Extracted data entries
━━━━━━
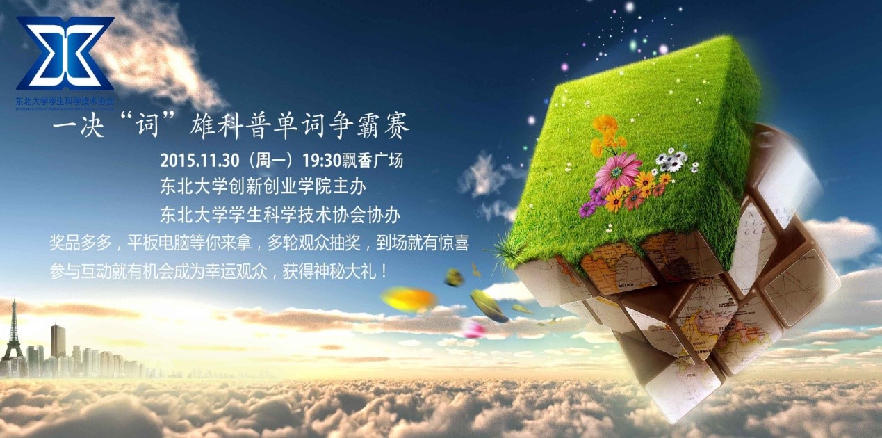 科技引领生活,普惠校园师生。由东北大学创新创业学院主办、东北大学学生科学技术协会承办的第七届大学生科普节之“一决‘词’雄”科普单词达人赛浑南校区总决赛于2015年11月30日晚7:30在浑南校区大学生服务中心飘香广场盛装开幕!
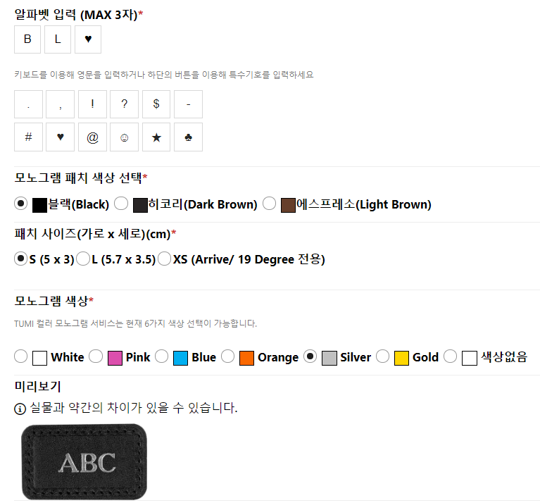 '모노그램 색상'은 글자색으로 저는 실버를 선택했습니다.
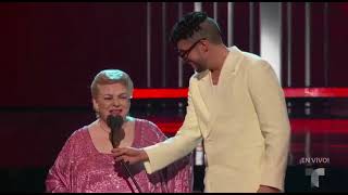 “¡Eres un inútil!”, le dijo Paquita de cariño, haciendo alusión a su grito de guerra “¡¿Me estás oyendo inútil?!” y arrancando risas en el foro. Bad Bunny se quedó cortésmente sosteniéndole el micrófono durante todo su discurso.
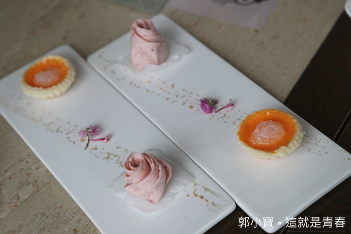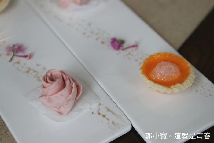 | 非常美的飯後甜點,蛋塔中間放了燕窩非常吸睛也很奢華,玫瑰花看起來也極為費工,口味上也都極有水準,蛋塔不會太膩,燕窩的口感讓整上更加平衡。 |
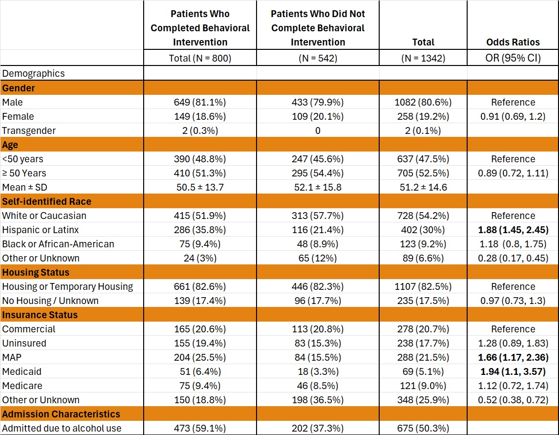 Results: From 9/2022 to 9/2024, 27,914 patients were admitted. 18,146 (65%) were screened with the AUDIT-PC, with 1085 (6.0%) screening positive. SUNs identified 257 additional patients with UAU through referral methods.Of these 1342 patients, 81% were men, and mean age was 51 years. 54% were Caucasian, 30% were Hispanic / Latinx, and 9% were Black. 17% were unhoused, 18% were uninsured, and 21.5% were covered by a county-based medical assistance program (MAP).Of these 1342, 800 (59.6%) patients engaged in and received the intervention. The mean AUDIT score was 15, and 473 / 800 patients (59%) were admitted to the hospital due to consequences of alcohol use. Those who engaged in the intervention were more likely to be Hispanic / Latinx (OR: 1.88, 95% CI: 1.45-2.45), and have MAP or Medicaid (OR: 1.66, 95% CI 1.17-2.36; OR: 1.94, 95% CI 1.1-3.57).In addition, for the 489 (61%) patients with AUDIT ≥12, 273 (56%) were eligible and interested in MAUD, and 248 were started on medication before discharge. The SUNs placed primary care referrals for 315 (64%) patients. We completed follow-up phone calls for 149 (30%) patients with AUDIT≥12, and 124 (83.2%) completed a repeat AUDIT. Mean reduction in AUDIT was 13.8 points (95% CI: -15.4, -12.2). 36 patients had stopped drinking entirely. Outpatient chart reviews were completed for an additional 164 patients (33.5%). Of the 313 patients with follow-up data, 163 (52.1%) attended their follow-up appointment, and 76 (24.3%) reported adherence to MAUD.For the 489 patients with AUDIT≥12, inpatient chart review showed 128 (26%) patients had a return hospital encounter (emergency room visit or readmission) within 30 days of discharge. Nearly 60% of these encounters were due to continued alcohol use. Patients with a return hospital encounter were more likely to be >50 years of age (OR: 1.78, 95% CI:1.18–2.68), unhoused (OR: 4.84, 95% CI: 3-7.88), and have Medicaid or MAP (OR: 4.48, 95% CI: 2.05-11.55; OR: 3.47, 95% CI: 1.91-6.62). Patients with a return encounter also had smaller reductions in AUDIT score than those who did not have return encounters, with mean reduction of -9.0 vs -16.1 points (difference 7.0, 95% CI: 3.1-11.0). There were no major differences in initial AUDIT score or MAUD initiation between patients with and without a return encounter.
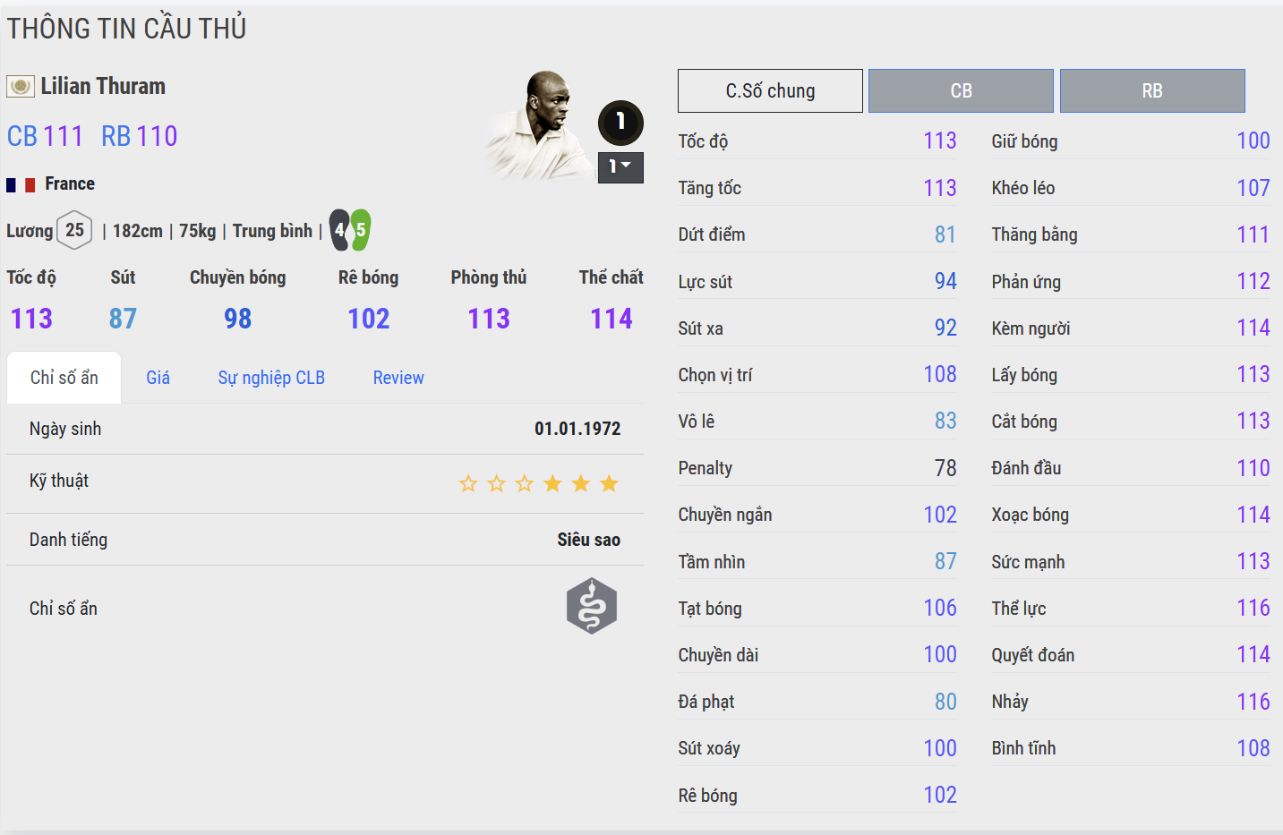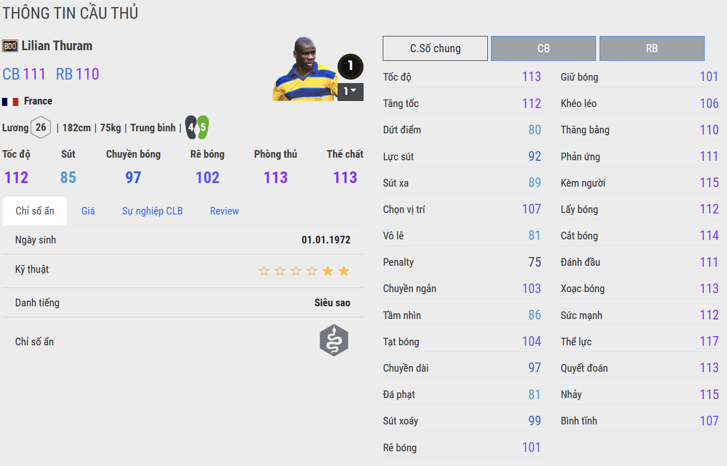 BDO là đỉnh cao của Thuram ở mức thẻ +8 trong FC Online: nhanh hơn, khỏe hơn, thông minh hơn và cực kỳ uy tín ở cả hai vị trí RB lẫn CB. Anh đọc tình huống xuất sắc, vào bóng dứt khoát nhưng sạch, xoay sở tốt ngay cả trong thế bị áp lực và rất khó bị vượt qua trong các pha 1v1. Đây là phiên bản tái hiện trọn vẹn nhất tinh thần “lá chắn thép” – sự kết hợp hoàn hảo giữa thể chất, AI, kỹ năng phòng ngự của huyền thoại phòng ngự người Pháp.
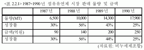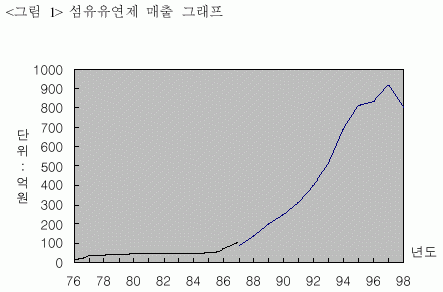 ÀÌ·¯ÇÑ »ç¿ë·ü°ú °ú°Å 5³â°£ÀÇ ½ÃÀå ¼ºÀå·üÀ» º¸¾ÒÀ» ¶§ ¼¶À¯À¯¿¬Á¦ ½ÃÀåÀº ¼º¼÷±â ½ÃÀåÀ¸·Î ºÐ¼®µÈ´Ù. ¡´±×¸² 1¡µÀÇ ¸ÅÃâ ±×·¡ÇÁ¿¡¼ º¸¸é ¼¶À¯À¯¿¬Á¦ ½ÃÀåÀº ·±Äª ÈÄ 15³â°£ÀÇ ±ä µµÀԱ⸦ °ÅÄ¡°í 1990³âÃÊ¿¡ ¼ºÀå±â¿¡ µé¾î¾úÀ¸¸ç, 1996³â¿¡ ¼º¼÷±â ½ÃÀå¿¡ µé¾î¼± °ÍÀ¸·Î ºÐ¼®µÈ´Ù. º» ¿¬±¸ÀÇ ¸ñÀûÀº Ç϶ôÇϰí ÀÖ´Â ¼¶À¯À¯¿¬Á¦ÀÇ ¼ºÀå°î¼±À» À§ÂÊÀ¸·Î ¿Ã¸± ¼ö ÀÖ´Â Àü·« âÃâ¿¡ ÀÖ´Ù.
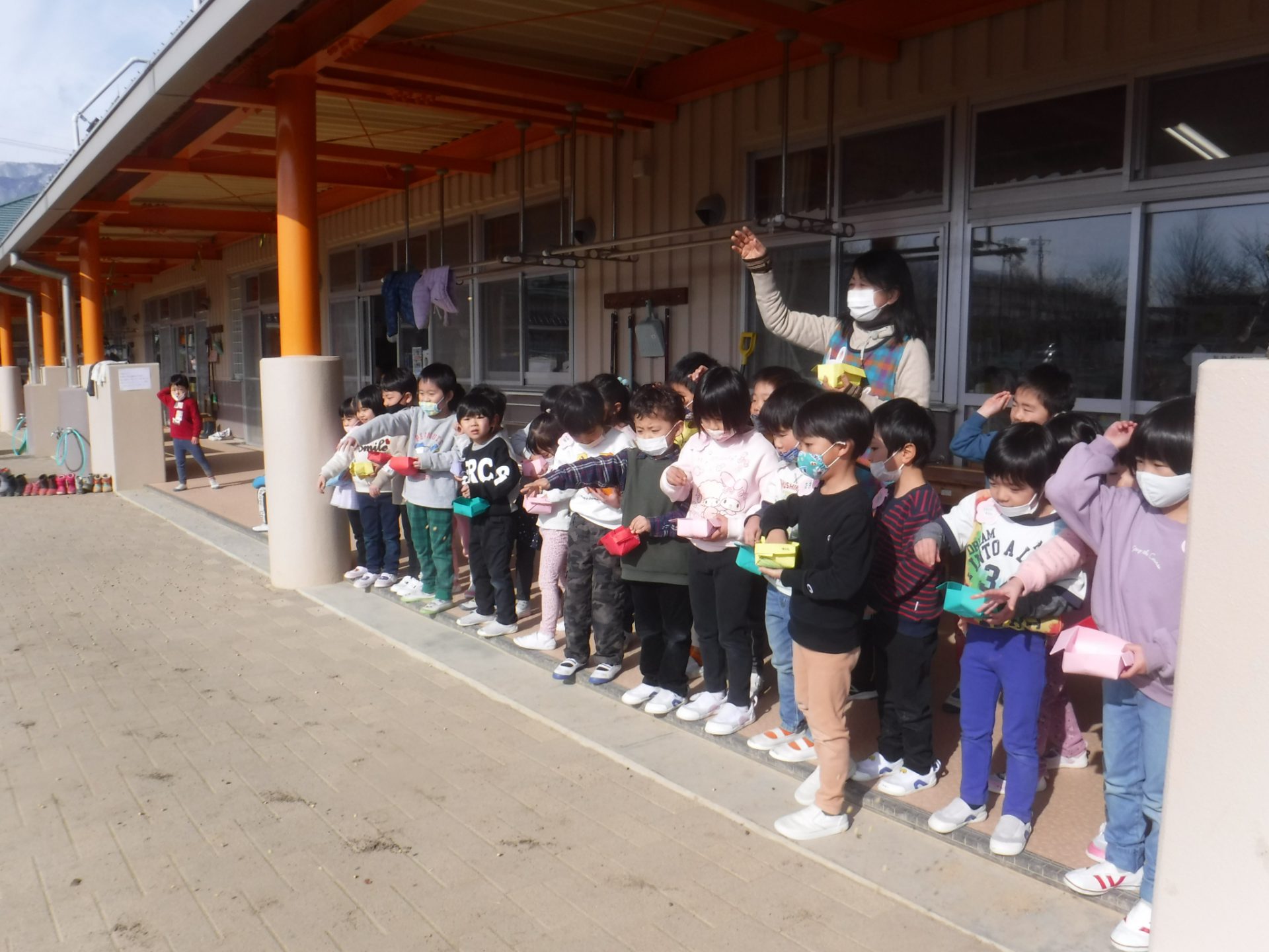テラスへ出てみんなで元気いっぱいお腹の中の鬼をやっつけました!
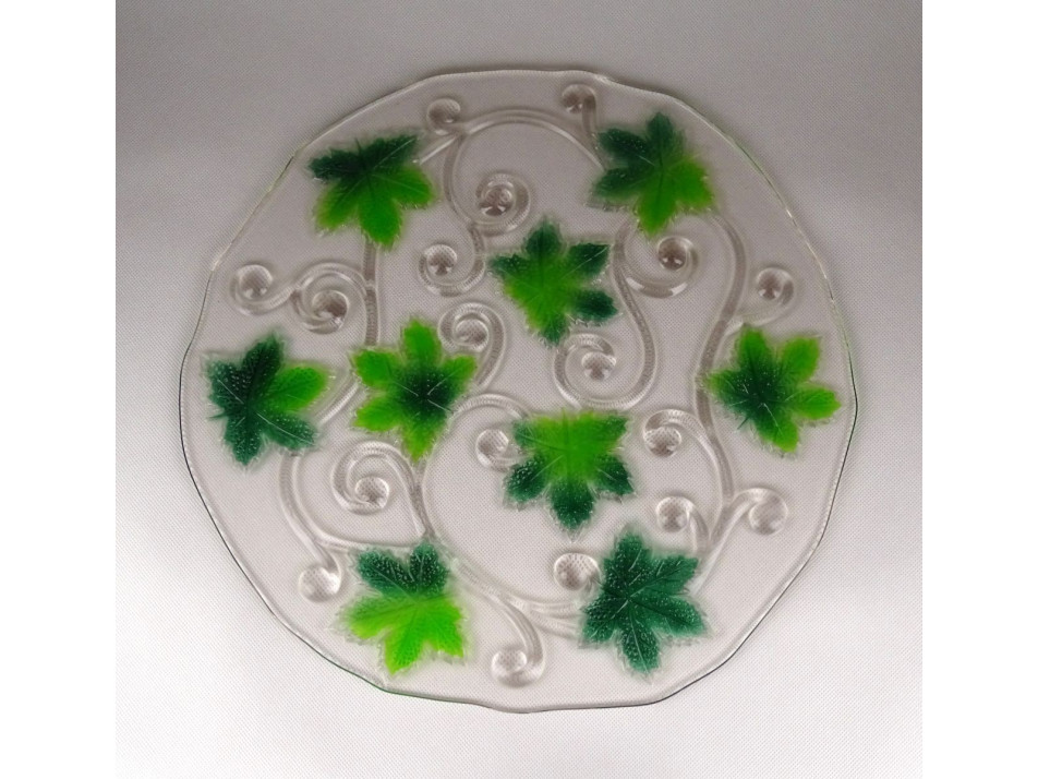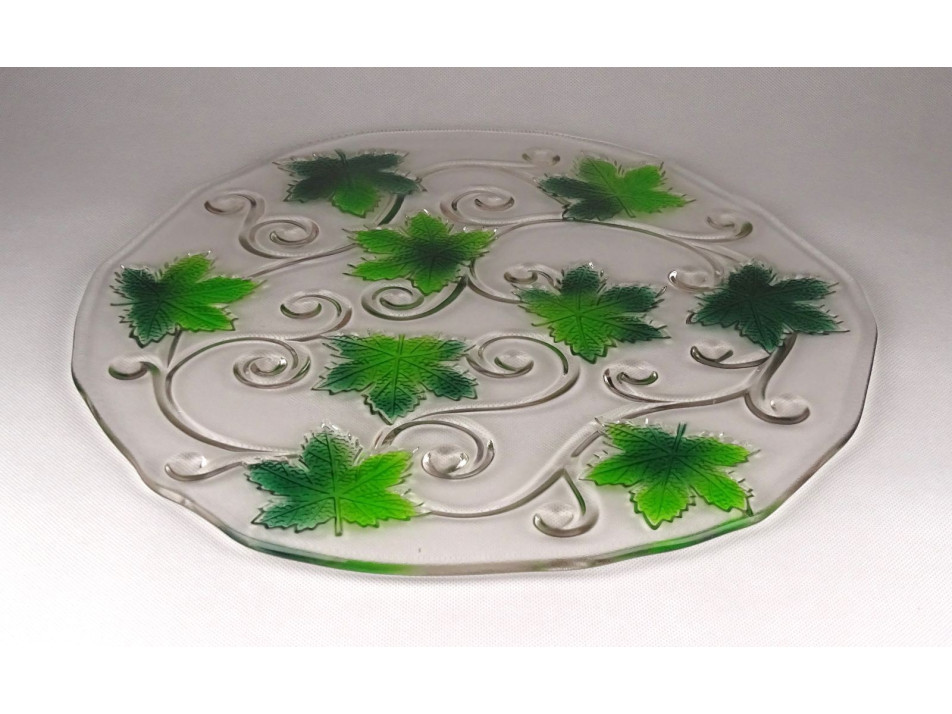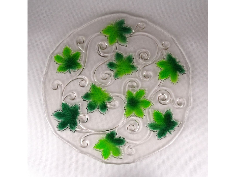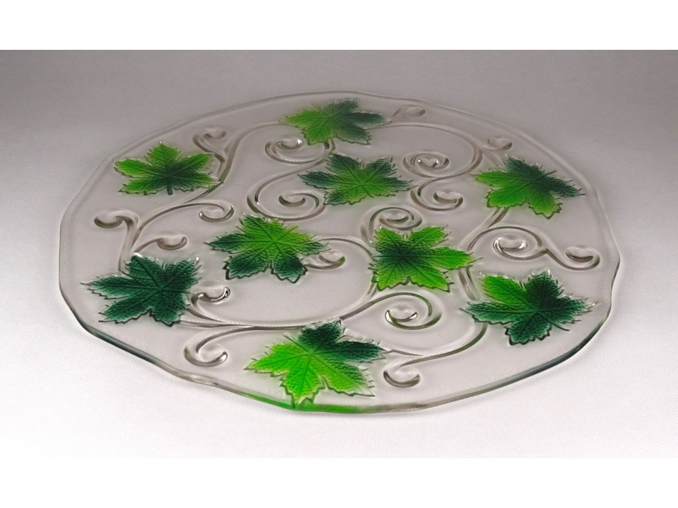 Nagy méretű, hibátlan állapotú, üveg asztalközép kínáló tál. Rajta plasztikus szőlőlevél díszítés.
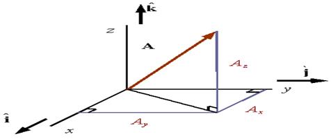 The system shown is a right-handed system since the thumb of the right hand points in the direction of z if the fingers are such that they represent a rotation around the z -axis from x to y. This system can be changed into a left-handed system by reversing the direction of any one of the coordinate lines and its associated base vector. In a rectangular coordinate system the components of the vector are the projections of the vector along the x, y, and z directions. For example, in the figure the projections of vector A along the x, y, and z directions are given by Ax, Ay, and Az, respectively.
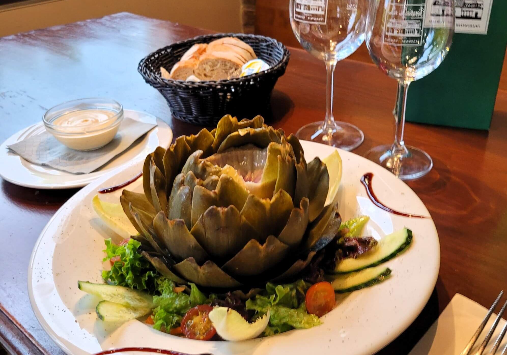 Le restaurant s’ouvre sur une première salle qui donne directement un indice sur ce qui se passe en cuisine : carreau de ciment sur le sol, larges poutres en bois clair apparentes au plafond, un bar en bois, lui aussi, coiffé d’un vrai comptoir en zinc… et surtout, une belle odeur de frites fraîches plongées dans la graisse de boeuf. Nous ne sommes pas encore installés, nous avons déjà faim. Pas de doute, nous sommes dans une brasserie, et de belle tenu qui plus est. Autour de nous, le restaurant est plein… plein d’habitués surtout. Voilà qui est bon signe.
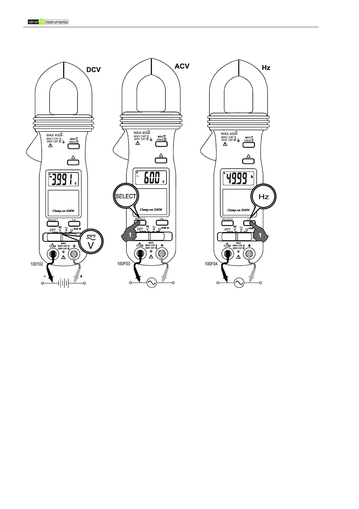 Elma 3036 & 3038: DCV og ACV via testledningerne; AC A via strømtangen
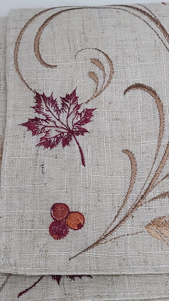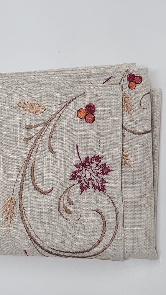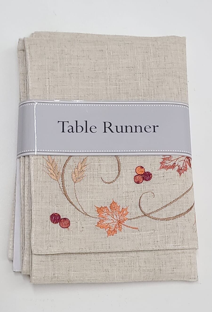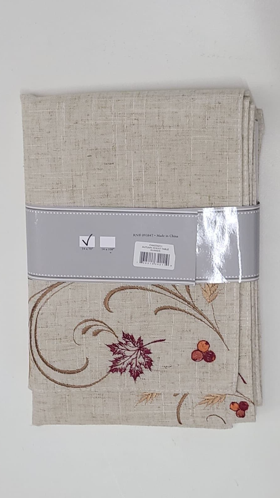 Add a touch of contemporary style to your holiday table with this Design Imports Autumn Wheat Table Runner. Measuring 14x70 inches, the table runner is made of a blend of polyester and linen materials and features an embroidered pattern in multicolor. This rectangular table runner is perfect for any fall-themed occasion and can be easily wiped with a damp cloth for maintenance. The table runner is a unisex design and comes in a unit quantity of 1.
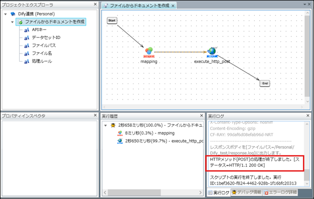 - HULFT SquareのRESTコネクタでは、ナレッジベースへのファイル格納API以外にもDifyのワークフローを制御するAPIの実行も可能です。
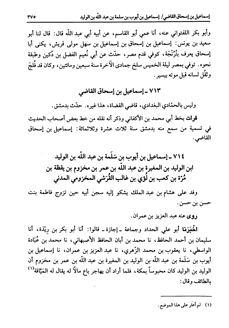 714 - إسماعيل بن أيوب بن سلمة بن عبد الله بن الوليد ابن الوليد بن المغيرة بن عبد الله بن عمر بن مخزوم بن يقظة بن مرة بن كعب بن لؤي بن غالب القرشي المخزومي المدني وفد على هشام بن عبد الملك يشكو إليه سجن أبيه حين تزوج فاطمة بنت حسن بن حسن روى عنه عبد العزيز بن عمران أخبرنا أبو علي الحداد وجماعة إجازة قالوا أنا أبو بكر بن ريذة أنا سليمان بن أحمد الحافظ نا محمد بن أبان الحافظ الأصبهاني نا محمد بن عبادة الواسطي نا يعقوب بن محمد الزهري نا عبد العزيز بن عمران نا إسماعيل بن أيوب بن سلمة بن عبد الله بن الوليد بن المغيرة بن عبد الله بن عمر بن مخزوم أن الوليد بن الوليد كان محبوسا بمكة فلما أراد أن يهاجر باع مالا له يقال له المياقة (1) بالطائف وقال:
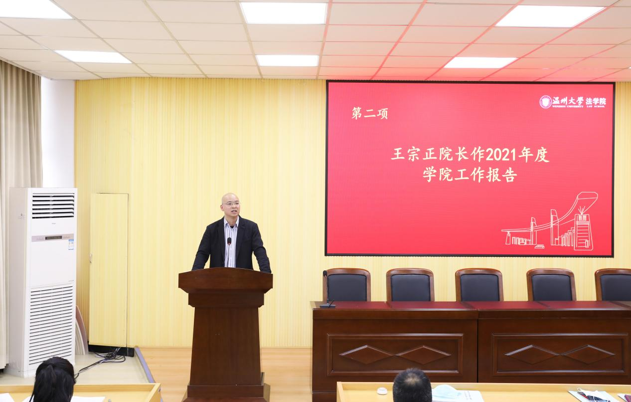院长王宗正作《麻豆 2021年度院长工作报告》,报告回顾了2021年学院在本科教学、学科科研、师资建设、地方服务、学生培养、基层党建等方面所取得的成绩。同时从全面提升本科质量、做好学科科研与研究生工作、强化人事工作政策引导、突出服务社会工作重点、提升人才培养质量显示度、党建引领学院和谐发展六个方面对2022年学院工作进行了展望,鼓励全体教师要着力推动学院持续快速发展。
━━━━━━
Required work >>
Write out again exactly the lines above from the one with "The system shown" through the one with "Elma 3036 &", adding no other lines and no pictures.

Solution to this problem >>
 The system shown is a right-handed system since the thumb of the right hand points in the direction of z if the fingers are such that they represent a rotation around the z -axis from x to y. This system can be changed into a left-handed system by reversing the direction of any one of the coordinate lines and its associated base vector. In a rectangular coordinate system the components of the vector are the projections of the vector along the x, y, and z directions. For example, in the figure the projections of vector A along the x, y, and z directions are given by Ax, Ay, and Az, respectively.
 Le restaurant s’ouvre sur une première salle qui donne directement un indice sur ce qui se passe en cuisine : carreau de ciment sur le sol, larges poutres en bois clair apparentes au plafond, un bar en bois, lui aussi, coiffé d’un vrai comptoir en zinc… et surtout, une belle odeur de frites fraîches plongées dans la graisse de boeuf. Nous ne sommes pas encore installés, nous avons déjà faim. Pas de doute, nous sommes dans une brasserie, et de belle tenu qui plus est. Autour de nous, le restaurant est plein… plein d’habitués surtout. Voilà qui est bon signe.
 Elma 3036 & 3038: DCV og ACV via testledningerne; AC A via strømtangen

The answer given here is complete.